Give again, word for word, the line holding "for industrial fabr" and every line after it through the end of the data below. Omit pictures.

-- Records supplied follows --

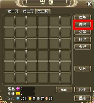 1、打开背包界面,点击镶嵌,放入需要镶嵌的装备
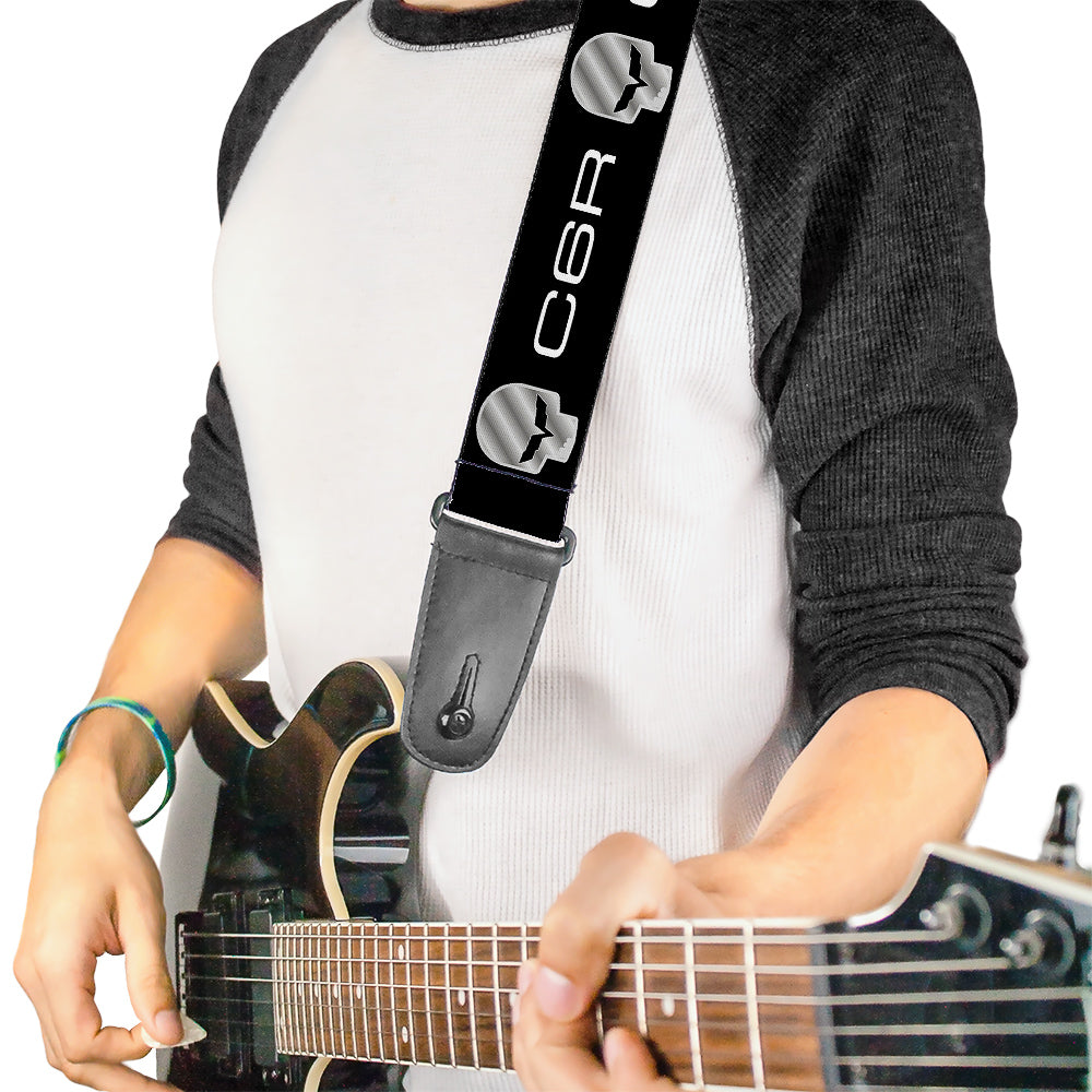 C6R Corvette Racing Skull Logo Black & Silver Guitar Strap
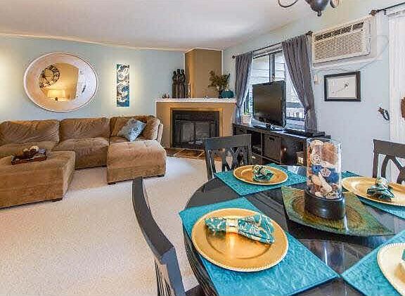Spacious south facing condo w/large deck! 100% move-in ready! BIG 14 x 10 bedrms, huge living rm w/impressive FP, Newer washer & Dryer, tons of storage, steps to Bush Lk rec. & trails! HOA fee inclds Cable, heat, water & pool-extra storage locker dwn hall
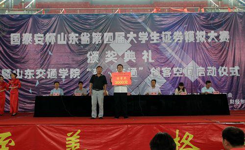 由省委宣传部、省委高校工委、团省委、省教育厅、省文化厅、省科协、省学联主办,我校承办的“国泰安杯”山东省第四届大学生证券模拟大赛近日圆满收盘。6月17日下午,大赛颁奖典礼暨山东交通学院“亮•交通”创客空间启动仪式在学校文体馆隆重举行。我校党委副书记、纪委书记唐勇,国泰安教育技术股份有限公司副总裁赵阳,济南创新谷管理委员会发展部部长齐瑞玲出席活动。山东师范大学、山东理工大学、山东科技大学、曲阜师范大学等10所高校的50余位获奖代表参加此次盛会。我校团委、财经学院相关负责人参加了活动。
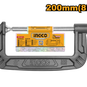 Heavy-duty 8" (200mm) G-clamp made from malleable cast iron, designed for the toughest clamping jobs where maximum strength is required. The T-shaped thread facilitates quick setup. Packaged on a paper card, it's suited for industrial fabr
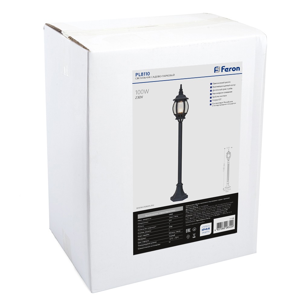 Уличный светильник Feron 8110 столб 100W E27 230V, черный 11106 по цене 4 104 руб. с фотографией и техническими характеристиками. Для покупки товара нажмите кнопку "Купить" и перейдите в корзину или позвоните по телефону 8 (495) 585 32 60 или 8 (800) 222 23 53.
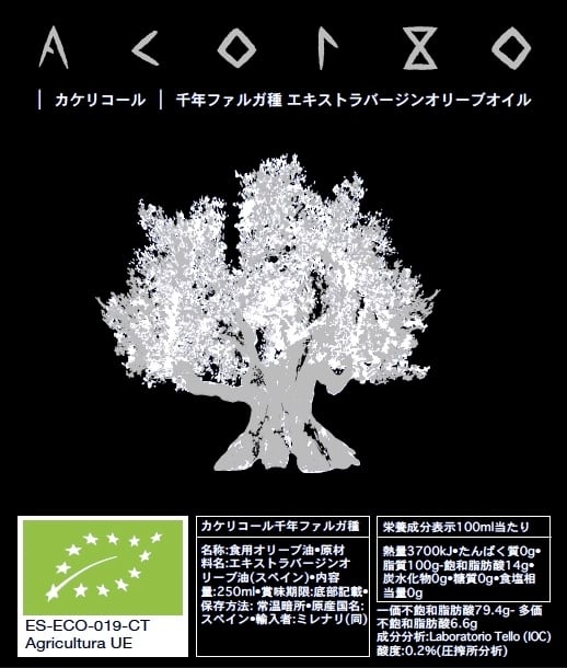 貴方のお手元にあるこのエキストラバージンオリーブオイルは、エコフレンドリーかつ伝統的な手法でファルガ種のオリーブより作られています。有機肥料以外はいかなる化学処理も施さず、 天然の性質、自然本来の特質と環境の生物多様性を守っています。スペイン・カステリョン県北部のサンマテウで10月半ばから11月初旬に地面に敷いた網に落として手摘みし、即座にコールドプレスを行っています。
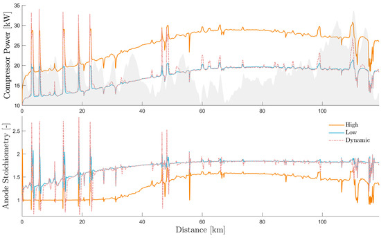 As shown in Figure 4, the cell power density increases with pressure. Higher pressure ratios, however, also require more work from the compressor. There is a trade-off between pressure and efficiency, and in this case study, three settings for the reference pressure are considered: 2.5 bar, 3.5 bar, and a dynamic strategy that controls the reference pressure according to the short-term fuel-cell current adjustment explained in the previous example.
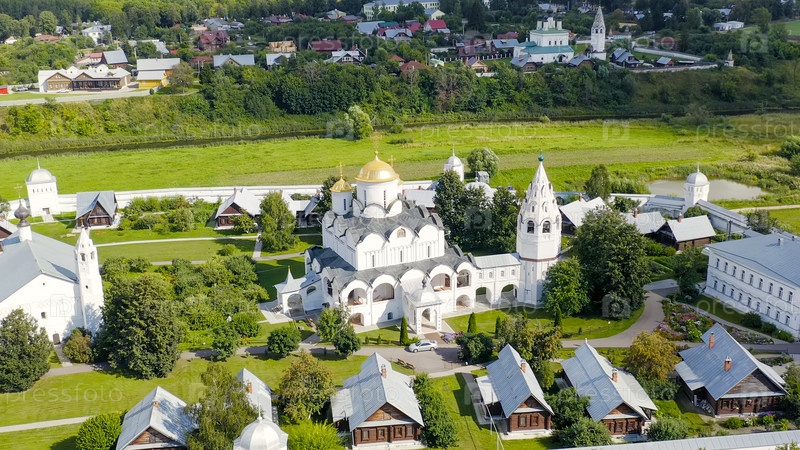 Суздаль, Россия. Собор Покрова Пресвятой Богородицы в Покровском монастыре, вид с воздуха

-- Records supplied concluded --

## Written solution
 Heavy-duty 8" (200mm) G-clamp made from malleable cast iron, designed for the toughest clamping jobs where maximum strength is required. The T-shaped thread facilitates quick setup. Packaged on a paper card, it's suited for industrial fabr
 Уличный светильник Feron 8110 столб 100W E27 230V, черный 11106 по цене 4 104 руб. с фотографией и техническими характеристиками. Для покупки товара нажмите кнопку "Купить" и перейдите в корзину или позвоните по телефону 8 (495) 585 32 60 или 8 (800) 222 23 53.
 貴方のお手元にあるこのエキストラバージンオリーブオイルは、エコフレンドリーかつ伝統的な手法でファルガ種のオリーブより作られています。有機肥料以外はいかなる化学処理も施さず、 天然の性質、自然本来の特質と環境の生物多様性を守っています。スペイン・カステリョン県北部のサンマテウで10月半ばから11月初旬に地面に敷いた網に落として手摘みし、即座にコールドプレスを行っています。
 As shown in Figure 4, the cell power density increases with pressure. Higher pressure ratios, however, also require more work from the compressor. There is a trade-off between pressure and efficiency, and in this case study, three settings for the reference pressure are considered: 2.5 bar, 3.5 bar, and a dynamic strategy that controls the reference pressure according to the short-term fuel-cell current adjustment explained in the previous example.
 Суздаль, Россия. Собор Покрова Пресвятой Богородицы в Покровском монастыре, вид с воздуха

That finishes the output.